Pub: Gollancz. 342 page hardback. Price: £ 9.99 (UK - a special introductory offer from Gollancz but it's possible to buy this a bit cheaper from on-line booksellers). ISBN: 0-575-07313-6

Check out website: www.orionbooks.co.uk


Despite the fact that this novel is cleverly written with good measures of wit and satire, it was a strain to read.

It would sit there on my desk, I'd read a little, throw it down and force myself back to it at a later date. Reading the entire book took approximately three weeks, such was its burdensome obligation.

This certainly isn't a book I'd choose from a bookshop myself. One look at the cover would have been enough to put me off and the contents, a macabre adventure in Toycity, left me wondering what it was supposed to be about.
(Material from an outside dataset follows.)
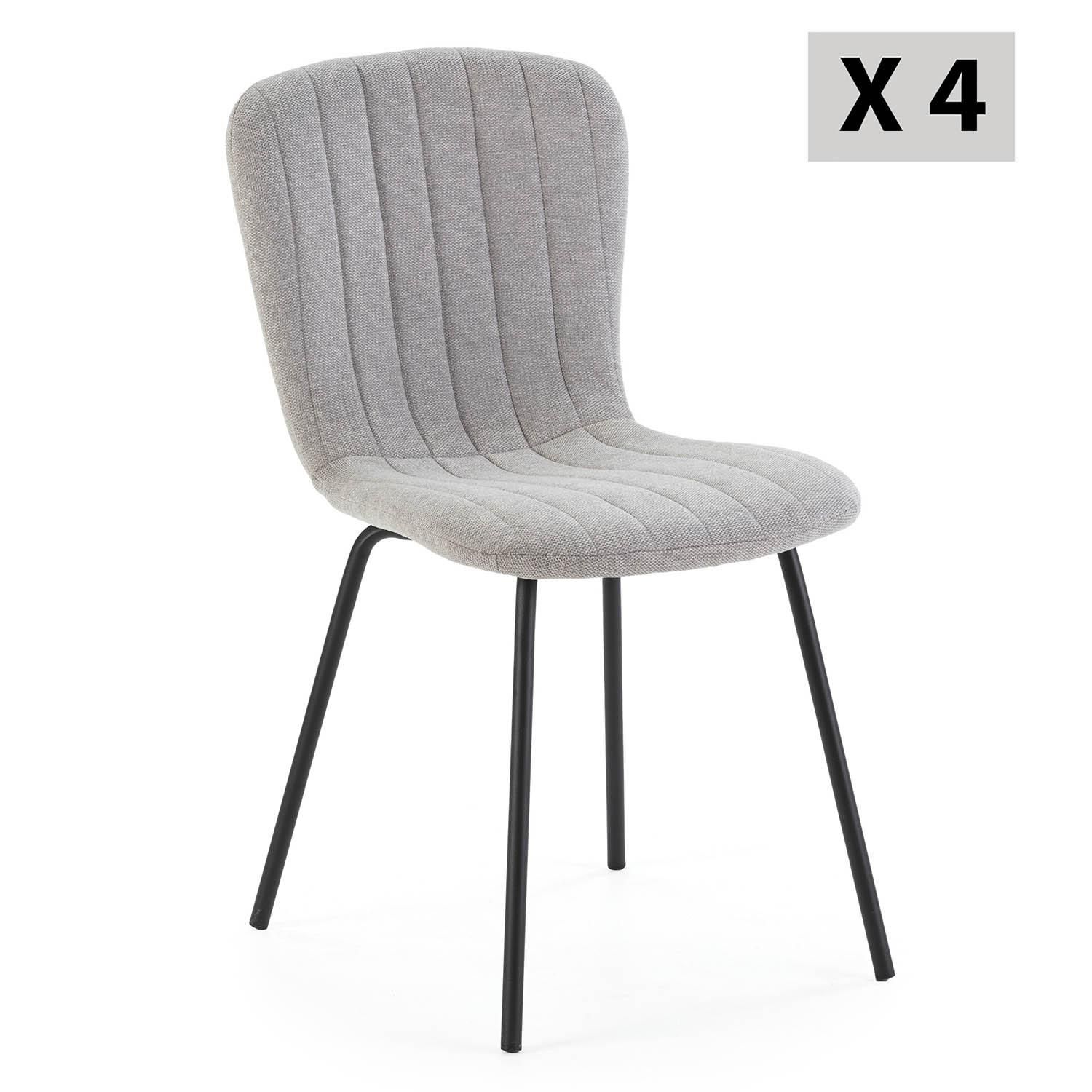 Pack 4 chaises Lucky recouvertes de tissu gris clair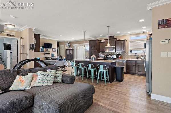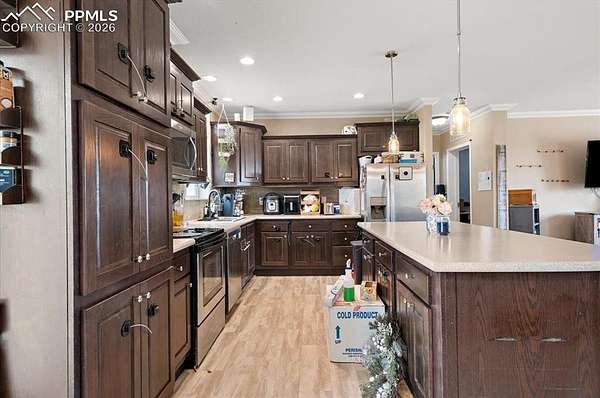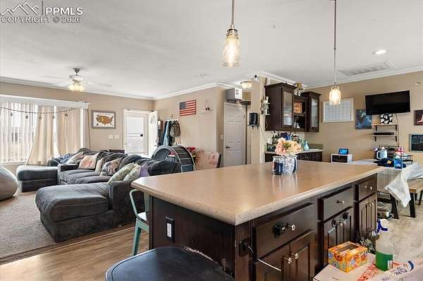 Experience wide-open space and Colorado views in this 3-bedroom, 2-bath home situated on over 3 acres just outside of Fountain. Conveniently located between Colorado Springs and Pueblo, with a quick drive to Fort Carson, this property offers the ideal balance of accessibility and quiet country living. Surrounded by expansive Front Range scenery, the setting delivers the kind of privacy and freedom that's hard to find. Inside, the home features an open-concept layout designed for everyday living, with a spacious kitchen that includes a large center island, modern cabinetry, and plenty of room to gather. Natural light flows through the main living areas, and a sliding glass door provides easy access to the outdoors and frames the surrounding landscape. While the home has a solid foundation and great layout, it offers an opportunity for a new owner to add personal touches and bring out its full potential. The property is well-suited for those needing extra space for vehicles, hobbies, or equipment, with both an attached garage and a sizable detached garage/workshop. There's also ample room for RV parking, outdoor recreation, or even horses. A fenced backyard adds additional functionality and separation from the open acreage. With scenic views, usable land, and room to make it your own, this property presents a unique opportunity for buyers looking to create their ideal Colorado lifestyle.

Political and social analogies may have lurked in the pages but I wasn't (or didn't want to be) astute enough to discern their existence let alone meaning.

Anyway, I don't like Toytown or Toycity stories, child or adult notwithstanding and inserting a lot of fairy tale characters only made it worse for me.

Apart from the fact that I found the contents too silly to be bothered with, books like this take up valuable time which would be better spent reading, say, the workshop manual for a 1967 Ford Anglia.

The main problem was my lack of empathy for any of the characters. Most novels do have characters that you can identify with, even to a little extent and, if this isn't possible, sympathy is always there to make you care about their fates.

Nobody I know gives a damn about nursery rhyme characters, regardless of how they are portrayed and it's a sure fire bet that none of us identify with them. In fact, quite the reverse is possible. Think back to primary school where the local fat boy was called Humpty Dumpty and the quiet little girl, Little Bo Peep.

And there were usually a Jack and Jill lurking about: you know the pair who went up a hill somewhere in our vicinity with Jack coming down minus half a crown and Jill without her virginity. (I think that's how it went.)

This book commences with Jack making his way to the city. After escaping the clutches of a cannibalistic farmer, he takes a horse and ends up in a diner where the chef is a wooden man. The next encounter is with an alcohol-soaked teddy bear called Eddie and this is where I threw the book down for the first time.

A serial killer is doing nasty deeds about the city. Humpty Dumpty, a rich egg from the copyright proceedings of his nursery rhyme, is hard-boiled in his own swimming pool while Little Boy Blue has a shepherd's crook reverse thrusted through his digestive system. Nasty stuff!

Eddie and Jack investigate the killings and get into all sorts of trouble. Funny stuff? Some say he's a thinking man's Monty Python. I've been a Python fan for years but see very little similarity here. Incidentally, if you're looking for Mother Goose within the pages, she's a brothel keeper who gets her neck wrung. But who is this mystery killer?

Agatha Christie, eat your heart out - which she'd probably do in one of Rankin's novels. You'll have to read the book to find out.

Rankin is a well-known author with a big following and a large fan club. This far into the review you'll have guessed that I'm not included in his entourage. He has had well over twenty books published to date, including 'East of Ealing', 'Snuff Fiction' and 'The Brentford Chainstore Massacre'.

They are all of a similar nature. It's the stuff he writes and he makes a living out of it so why change a formula that seems to work? There seems to be lots of originality about his writing but it's a pity he can't apply himself to doing workshop manuals! In a website interview, he states he hasn't read any other fiction for twenty years! This makes him untainted by other influences.

If you are a fan of Robert Rankin and you think this material is for you, the special introductory price from the publisher makes purchasing a must! Appreciation of this book is just a matter of taste and one man's hollow chocolate bunnie is another man's poison.

The back cover shows a particularly mean picture of the author with dark sunglasses and a large, offensive drill. When about to write the review, I considered making up a piece of flattery so as to avoid me opening my door one day to find him there with gbh in mind.

Then I thought, the Men In Black are after me and they will probably get to me first.